Assignment -
Only the lines below from the one that holds "Zilpzalp und Fitis: Das" through the one that holds "Portaplumas Metálico con" should appear in the answer, copied exactly, end lines included and pictures omitted.

Supplied material -
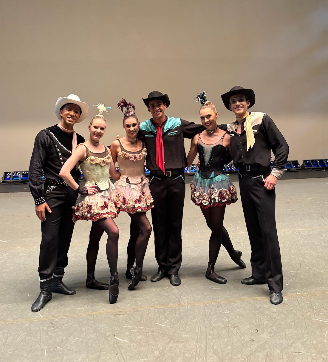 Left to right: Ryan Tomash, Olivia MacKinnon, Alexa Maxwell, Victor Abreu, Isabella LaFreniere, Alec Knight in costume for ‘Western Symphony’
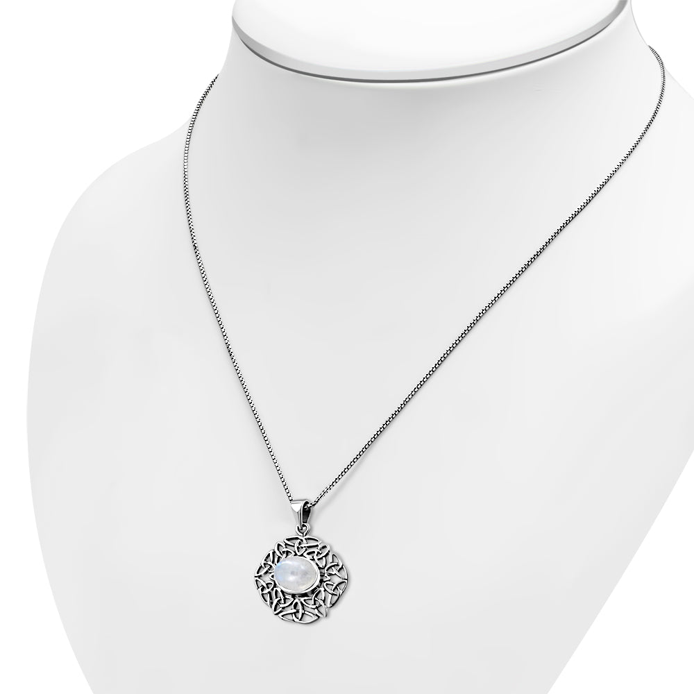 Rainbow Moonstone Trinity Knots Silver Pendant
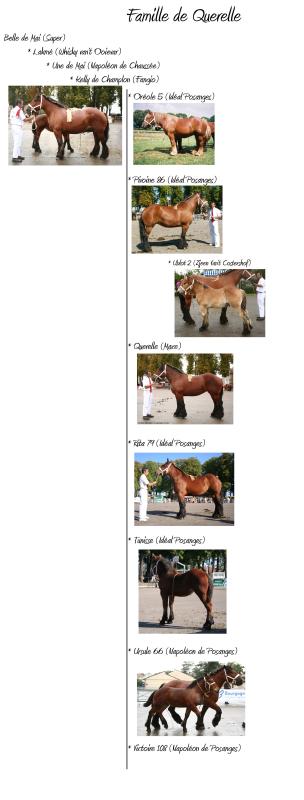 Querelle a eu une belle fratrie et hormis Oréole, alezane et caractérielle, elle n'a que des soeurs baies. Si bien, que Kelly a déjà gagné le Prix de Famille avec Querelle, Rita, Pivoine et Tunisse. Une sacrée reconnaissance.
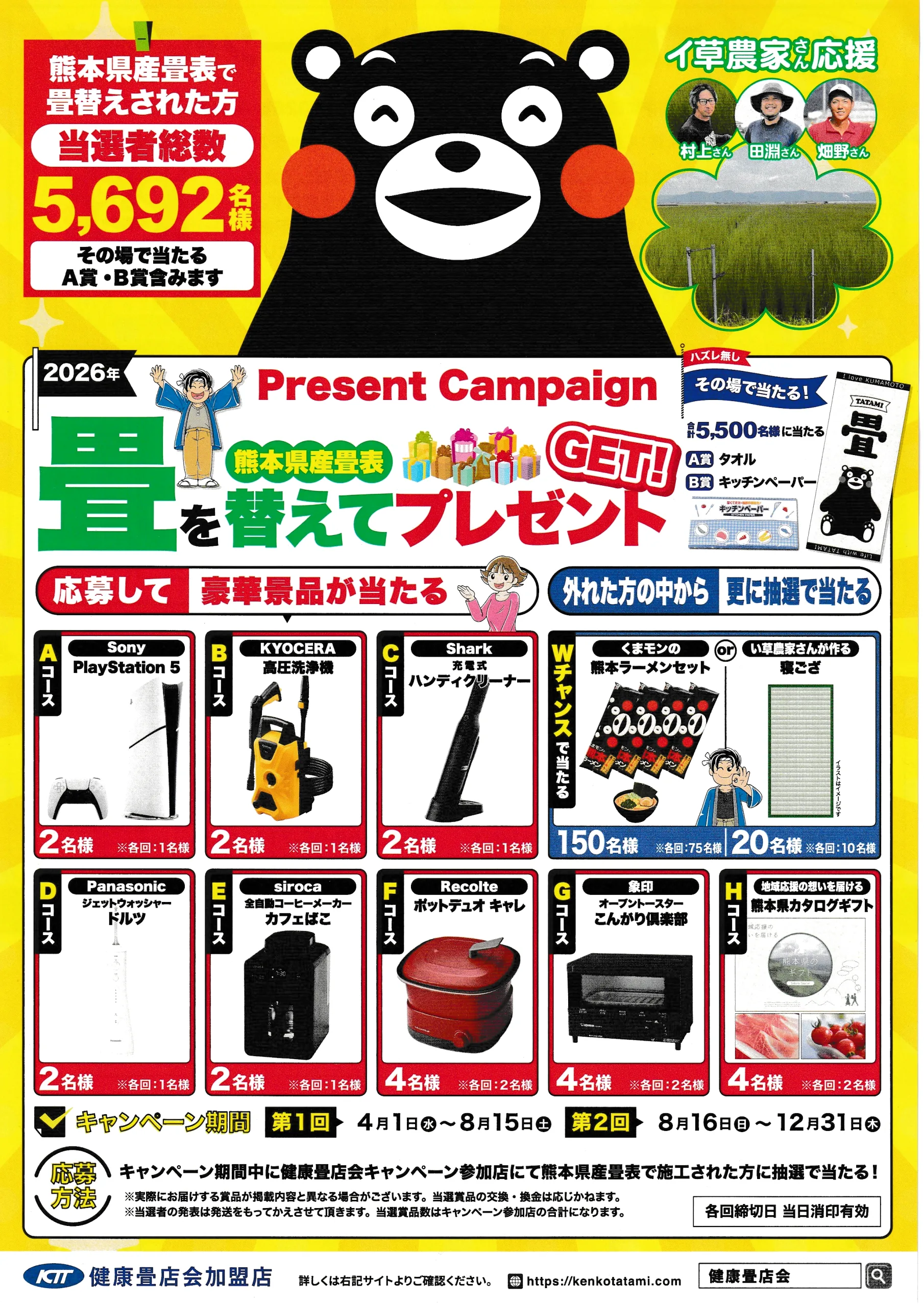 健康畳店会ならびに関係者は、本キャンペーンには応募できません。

--

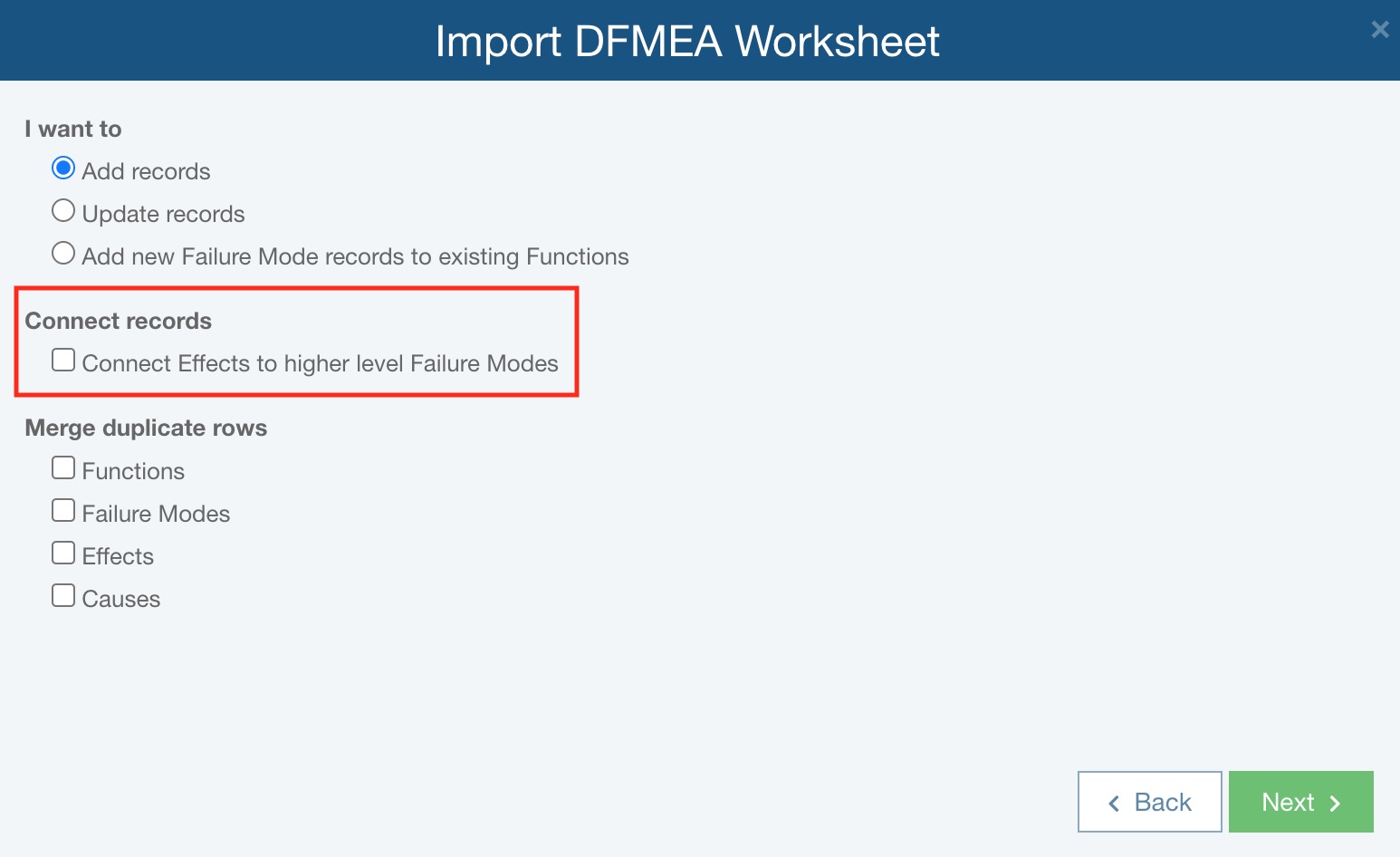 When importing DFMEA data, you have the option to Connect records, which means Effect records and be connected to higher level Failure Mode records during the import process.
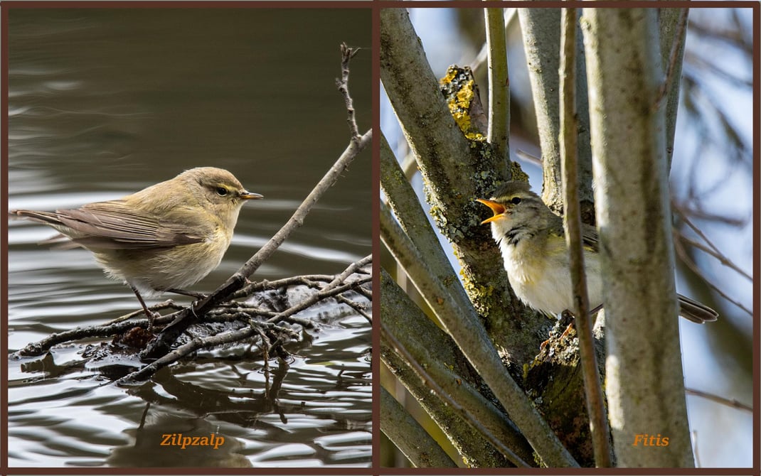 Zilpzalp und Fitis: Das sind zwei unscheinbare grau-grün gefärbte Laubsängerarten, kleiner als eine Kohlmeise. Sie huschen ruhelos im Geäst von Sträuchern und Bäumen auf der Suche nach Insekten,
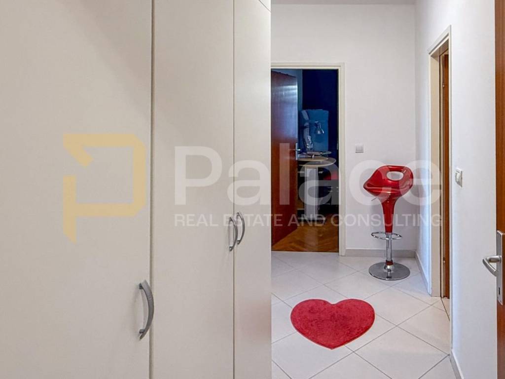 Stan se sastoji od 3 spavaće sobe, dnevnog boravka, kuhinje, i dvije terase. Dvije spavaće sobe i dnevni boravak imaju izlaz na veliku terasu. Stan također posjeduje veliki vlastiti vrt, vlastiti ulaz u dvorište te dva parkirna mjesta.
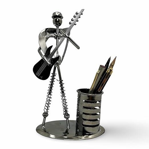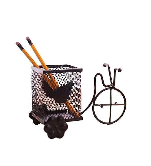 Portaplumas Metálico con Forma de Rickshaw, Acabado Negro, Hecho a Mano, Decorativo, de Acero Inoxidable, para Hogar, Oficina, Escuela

---

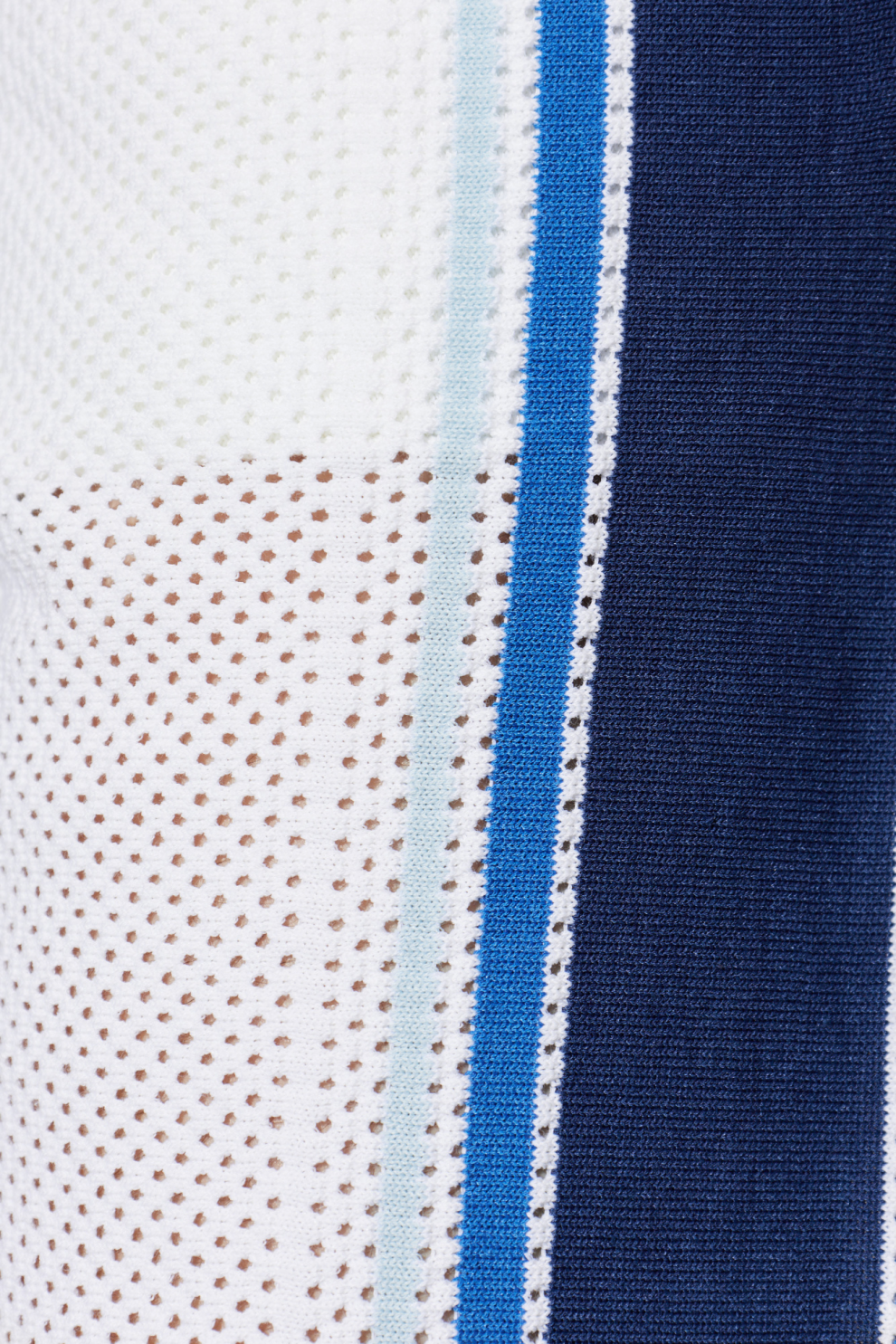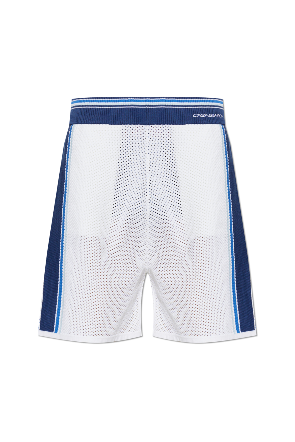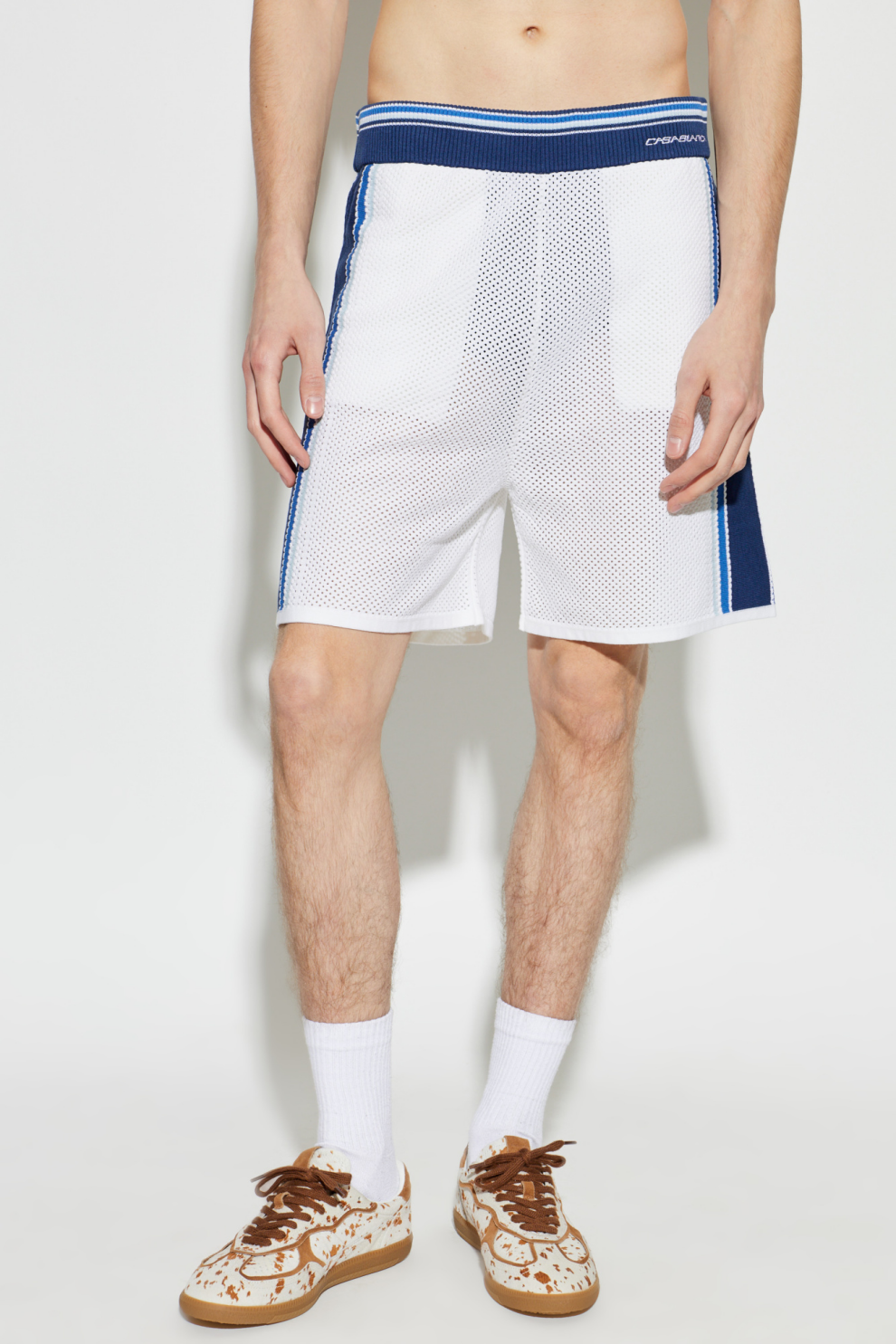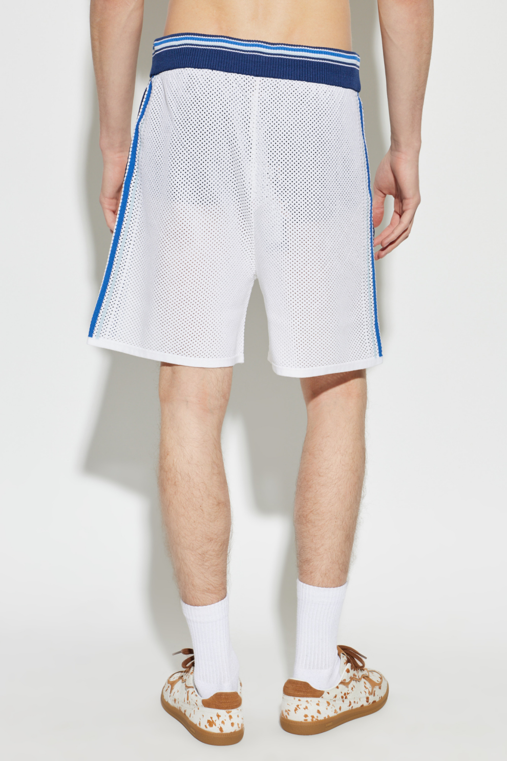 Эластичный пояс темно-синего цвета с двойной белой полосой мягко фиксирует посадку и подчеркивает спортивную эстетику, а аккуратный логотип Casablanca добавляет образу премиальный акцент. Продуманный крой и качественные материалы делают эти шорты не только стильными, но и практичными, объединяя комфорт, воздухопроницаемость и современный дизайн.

The completed task -
 Zilpzalp und Fitis: Das sind zwei unscheinbare grau-grün gefärbte Laubsängerarten, kleiner als eine Kohlmeise. Sie huschen ruhelos im Geäst von Sträuchern und Bäumen auf der Suche nach Insekten,
 Stan se sastoji od 3 spavaće sobe, dnevnog boravka, kuhinje, i dvije terase. Dvije spavaće sobe i dnevni boravak imaju izlaz na veliku terasu. Stan također posjeduje veliki vlastiti vrt, vlastiti ulaz u dvorište te dva parkirna mjesta.
 Portaplumas Metálico con Forma de Rickshaw, Acabado Negro, Hecho a Mano, Decorativo, de Acero Inoxidable, para Hogar, Oficina, Escuela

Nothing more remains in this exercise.